Back out into the fresh air, pick up a Vélib at the borne on Rue Vaneau and head north. Turn left into Rue de Babylone and then right into Boulevard des Invalides. Keep cycling towards the Seine, with the golden dome of Les Invalides on your left – it's the last resting place of Napoleon Bonaparte. The emperor could easily win the title of most scattered cadaver in history. While his heart and innards are in Austria, you will need to travel to New York to get near his penis, bought at auction by a urologist for $3,800 in 1977.
Next, from Quai d'Orsay, cross the Pont Alexandre III and turn left on to Cours Albert I. At Place de l'Alma, take Avenue du Président Wilson on your right. Carry on to Place du Trocadéro. You can dispose of your bike at the Vélib borne on avenue d'Eylau, third right on the roundabout.

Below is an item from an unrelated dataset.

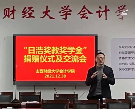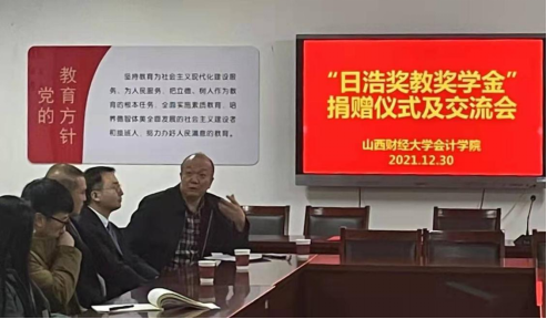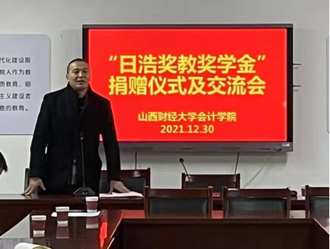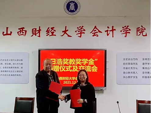 2021年12月30日下午,304永利集团官网入口2000级财务管理专业校友、深圳日浩财务咨询集团学术顾问邓达奇博士倡议建立的“日浩山西财大304永利集团官网入口奖教奖学金”捐赠仪式在304永利集团官网入口大会议室举行。深圳日浩财务咨询集团合伙人王芳教授代表日浩公司与304永利集团官网入口院长吴秋生教授签订捐赠协议。2000级财务管理专业校友、中枢医疗董事长于二龙,2000级财务管理专业校友、晋顺芯工业科技有限公司总经理胡中彬先生,304永利集团官网入口副院长田岗和学院部分教师出席了捐赠仪式。

The Musée de l'Homme (17 Place du Trocadéro, 16th, currently closed for refurbishment) is home to philosopher René Descartes' skull. The rest of his body is buried on the Left Bank, at the Église de Saint-Germain-des-Prés, which makes the perfect start to another trek. For now, take a pew on the steps of the Trocadéro and enjoy one of the best views there is of the city. Chances are you've never felt more alive.